Outings überfordern das Umfeld mitunter. Ich weiß nicht, was in Südtirol mehr irritiert hat: Dass ich vegetarisch bin oder queer – „dassi koan Speck mea iss oder gearn Pussy“. Als wir zwölf oder 13 waren, machte eine Freundin ihre erste lesbische Erfahrung. Und dabei war das Rummachen mit anderen Mädchen in der Wirklichkeit, in der wir uns bewegten, so sehr kein Ding, dass keiner der Begriffe, die wir für vergleichbare Interaktionen mit Jungs hatten – „ummerleckn“, „lelln“, „schnulln“, you name it – als Bezeichnung in Frage kam.
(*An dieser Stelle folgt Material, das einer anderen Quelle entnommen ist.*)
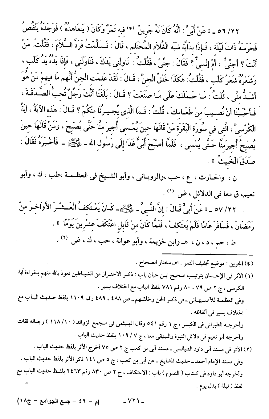 22/ 56 - "عَنْ أُبَىٍّ: أَنَّهُ كَانَ لَهُ جَرِينٌ (*) فِيهِ تَمْرٌ وَكَانَ (يَتعَاهدُهُ) فَوَجَدَهُ يَنْقُصُ فَحَرَسَهُ ذَاتَ لَيْلَةٍ، فَإِذَا بِدَابَّةٍ شَبَه الْغُلاَمِ الْمُحْتَلِمِ، قَالَ: فَسَلَّمْتُ فَرَدَّ السَّلاَمَ، فَقُلْتُ: مَنْ أَنْتَ؟ أَجِنِّىٌّ، أَمْ إنْسِىٌّ؟ فَقَالَ: جِنِّىٌ، فَقُلْتُ: نَاوِلْنِي يَدَكَ، فَنَاوَلَنِي، فَإِذَا يَدُهُ يَدُ كَلْبٍ، وَشَعْرُهُ شَعْرُ كَلْبٍ، فَقُلْتُ: هَكَذَا خَلْقُ الْجِنِّ، قَالَ: لَقَدْ عَلِمَتِ الْجِنُّ أَنَّهم مَا فِيهِمْ مَنْ هُوَ أَشَدُّ مِنِّي، قُلْتُ: مَا حَمَلَكَ عَلَى مَا صَنَعْتَ؟ قَالَ: بَلَغَنَا أَنَّكَ رَجُلٌ تُحِبُّ الصَّدَقَةَ، فَأَحْبَبْنَا أَنْ نُصِيبَ مِنْ طَعَامِكَ، قُلْتُ: فَمَا الَّذِي يُجيرُنَا مِنْكُمْ؟ قَالَ: هَذِهِ الآيَةُ، آيَةُ الْكُرْسِىِّ، الَّتِى في سُورَةِ الْبَقَرَةِ مَنْ قَالَهَا حِينَ يُمْسِى أُجِيرَ مِنَّا حَتَّى يُصْبِحَ، وَمَنْ قَالَهَا حِينَ يُصْبِحُ أُجِيرَ مِنَّا حَتَّى يُمْسِى، فَلَمَّا أَصْبَحَ أُبَىٌّ غَدَا إِلَى رَسُولِ الله - صلى الله عليه وسلم - فَأَخْبَرَهُ فَقَالَ: صَدَقَ الْخَبِيثُ".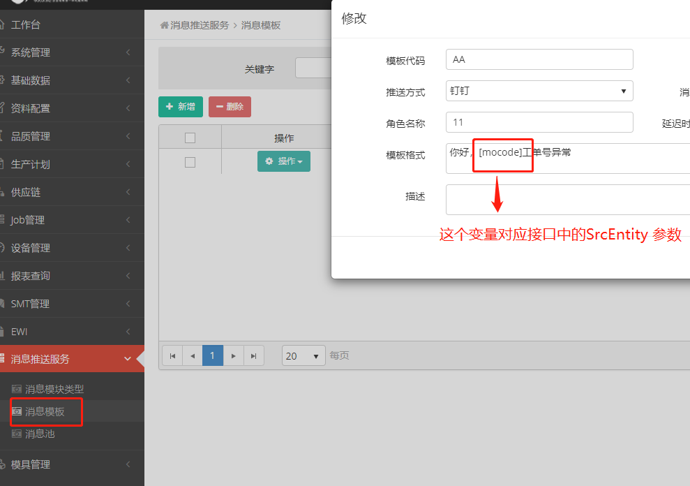 SrcEntity:模板变量键值对,这里必须是json格式,这个字段可不填,单填了必须是json序列化格式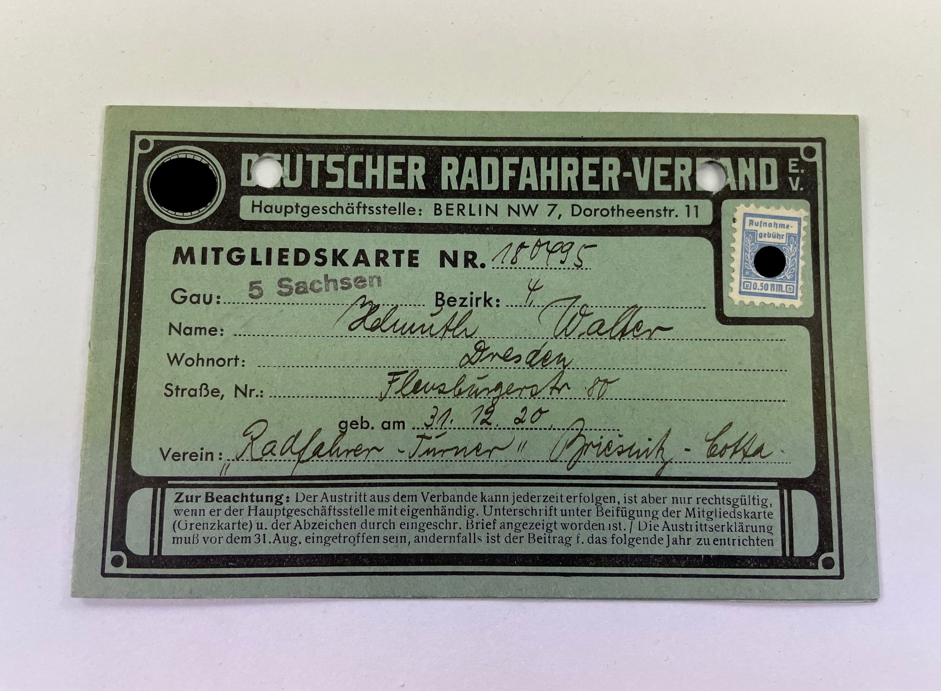 3. Reich, Mitgliedskarte Deutscher Radfahrer-Verband e.V.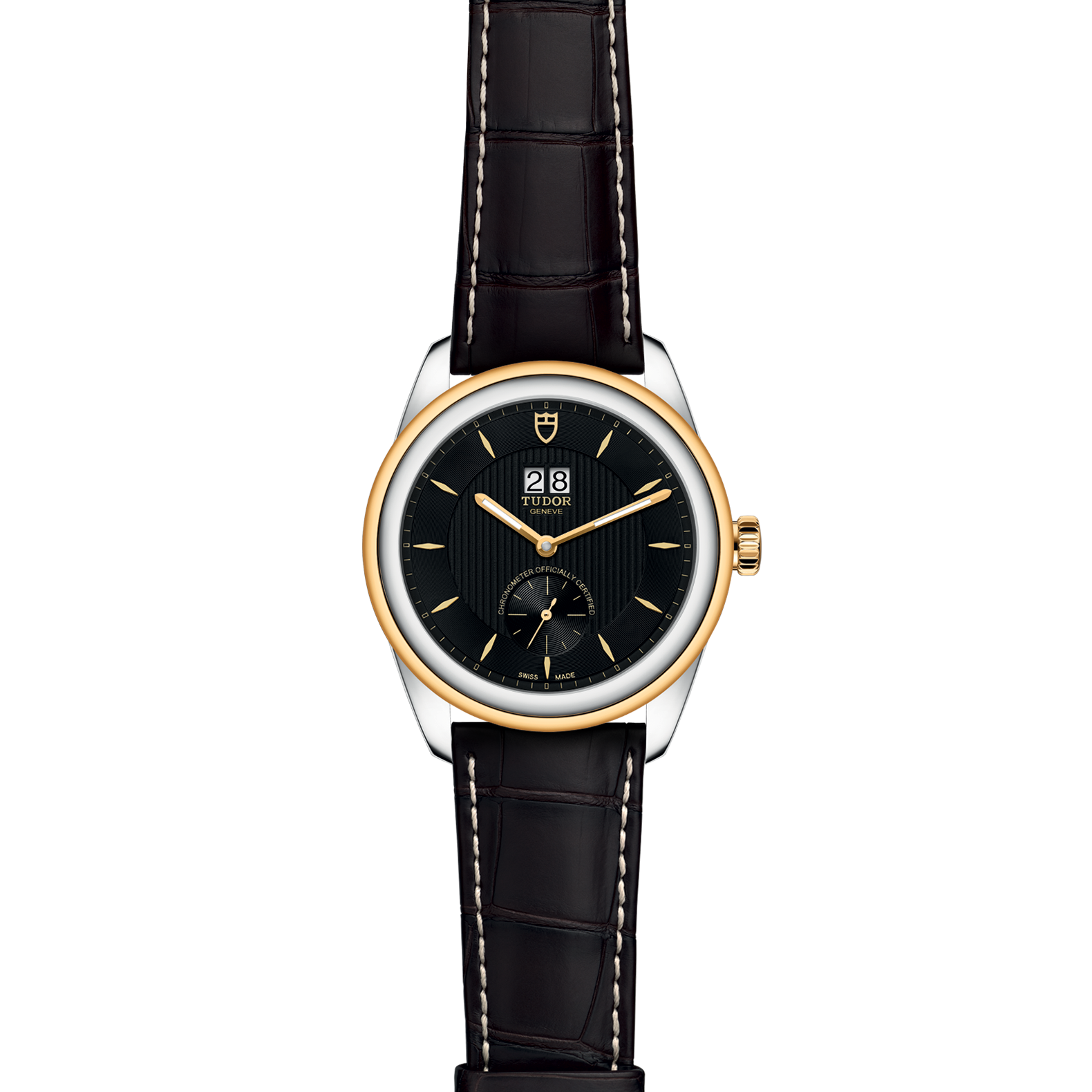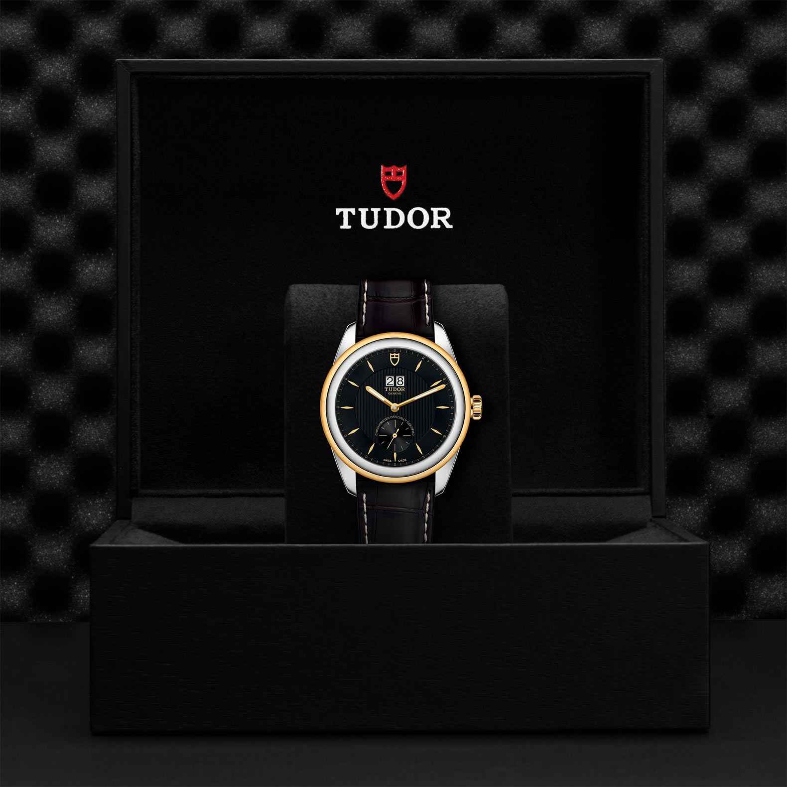 旋入式上链錶冠,饰以帝舵表标志;由钢芯及0.3毫米黄金包金制成

Es brauchte einen neuen, eigenen Namen dafür, den wir uns hinter vorgehaltener Hand zuflüsterten. Uns gleichzeitig genierend und ein unheimlich aufregendes Kribbeln verspürend, das ein Vorgeschmack auf eine Welt sein sollte, die sich mir erst 15 Jahre später eröffnete.

Ich nehme meinem Vater das Osternest für meinen Ex- (und nach wie vor guten) Freund nicht übel. Im Gegenteil war ich in dem Moment tatsächlich belustigt von der Situation und sogar ein bisschen gerührt vom Geschenk – war mein Vater doch auch eine jener Personen, die am entspanntesten und wohlwollendsten auf mein Outing reagiert haben. Und dennoch kondensiert sich in seiner beiläufig geäußerten Bemerkung ein Weltbild, innerhalb dessen Fleischkonsum und Heterosexualität zu jenem Orientierungspunkt verschmelzen, um den die anderen zu kreisen haben. Menschen, die freiwillig auf Fleisch verzichten, sind darin genauso wenig vorgesehen wie Queers; die Kombi ist, zu weit vom Stabilität wahrenden Altbekannten entfernt, allenfalls zu viel. Und triggert – „It amol mea an Speck terfat ma essen!?“ – an so manchen Marendtischen Denormalisierungsangst. Dabei ist es den Onkeln und Tanten, wie sie vehement betonen, egal, was andere Leute tun – jeder wie er meint – „ober miaßn sie die gonz Zeit driber reidn!?“ Sie wollen es doch schlicht und einfach nicht wissen!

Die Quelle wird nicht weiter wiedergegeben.